Yea, just like that. Me first. Selfish, yes. Necessary, unfortunately it is sometimes. And that doesn’t make it any easier for someone like me who has a hard time saying no to people I care about. I remember years ago, before I was a full time writer, telling my girlfriend at the time that she’s going to have to make a decision. I told her that my time, effort, and energy will be primarily on building my career, and that wasn’t going to change until those career goals were reached.
If you’ve read all of my posts, you know how that ends. And I don’t blame her at all for eventually leaving. But now that I’ve gotten to phase one of my career, I guess it’s only normal to wonder if the sacrifice was worth it.
To be honest, even in my weakest moments I say yes it was worth it. In my strongest moments I say I had no choice. But that’s not true. I did have a choice, and I made it. And she made hers.
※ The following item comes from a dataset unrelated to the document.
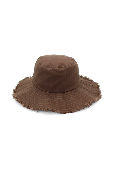Cleo Linen-Blend Bucket Hat in Chocolate Brown
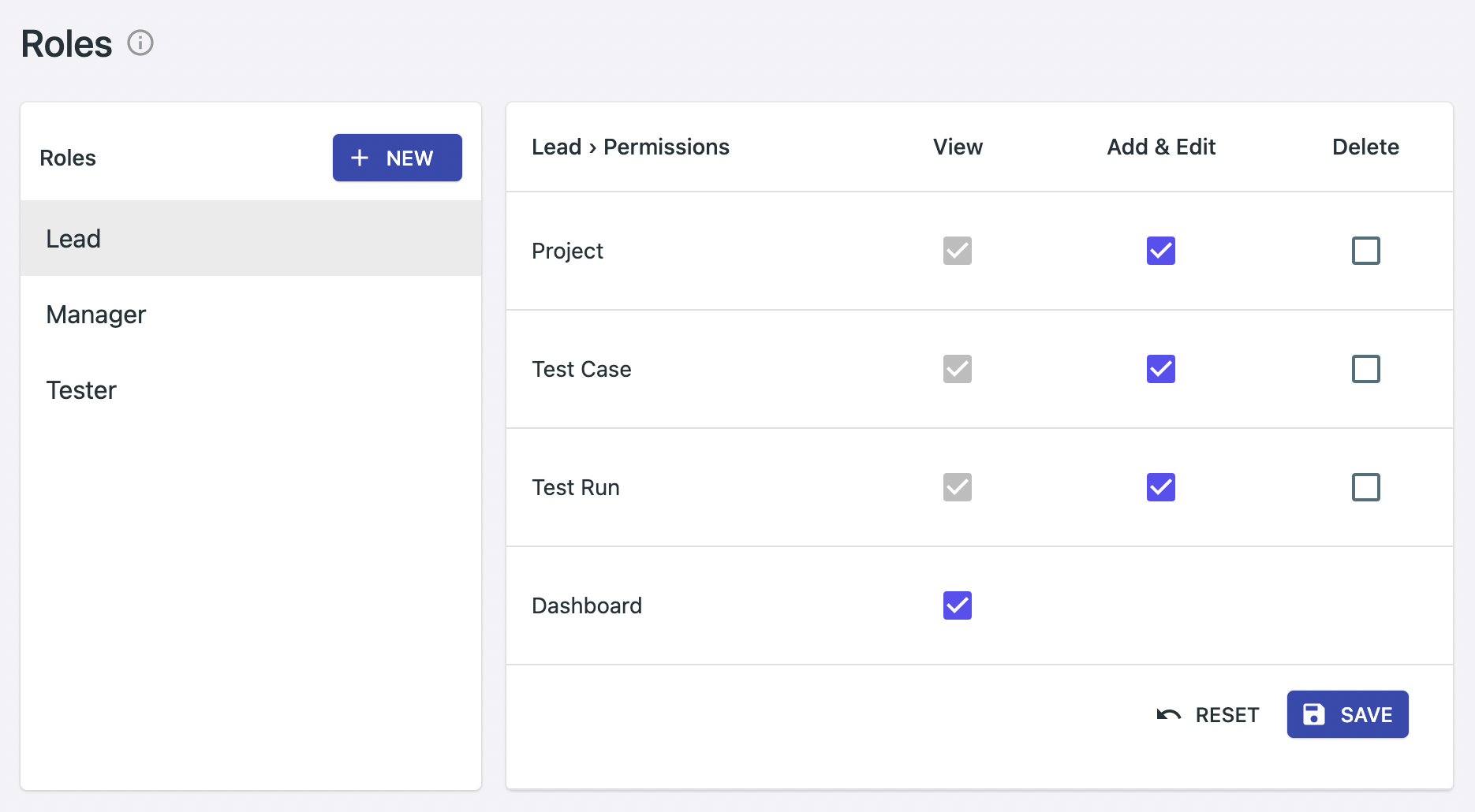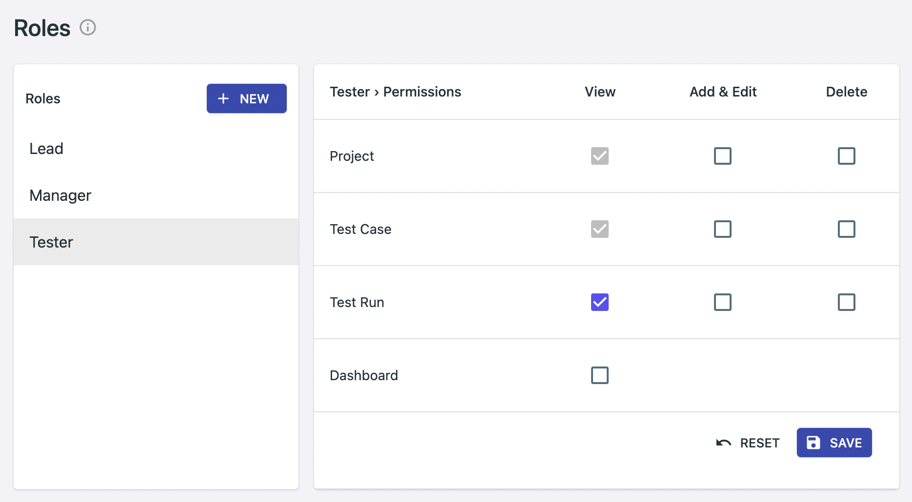 In the images below, the role Tester has view privileges on a project as well as its test cases and test runs. The Lead role has all the privileges of the Tester, the dashboard privilege, as well the edit privileges.

Was I selfish? Is it possible to make a “me first” decision without being thought of as selfish? Either within your own mind or by everyone around you?
My mom retired on January 1st of this year. I threw her a retirement party and invited all of her friends. Near the end of the night, I asked some of them to come say a few words.
They all had their own special and unique experiences with my mom, but one message was consistent among everyone. And that was how giving my mom had been to each of them. How she had sacrificed in some small way to better their lives.
And when they spoke that night, each of them told her it’s her turn to now be selfish. To live her life in retirement for herself.
After over 40 years of giving, they gave her a pass to be selfish.
I guess it’s one of the characteristics of me being a Millennial that I don’t want to wait that long to get a selfish pass. I live my life the way I want to live it right now. And I’m working everyday to keep creating my ultimate vision of how I want my life to be.
“At what cost” is probably one of the first questions that comes to mind. And the closer I get to that dream life, the more I realize the parallel between sacrifice and success. So as you see me grow, see me write more books, see my fan base expand, know that I gave up a lot along the way.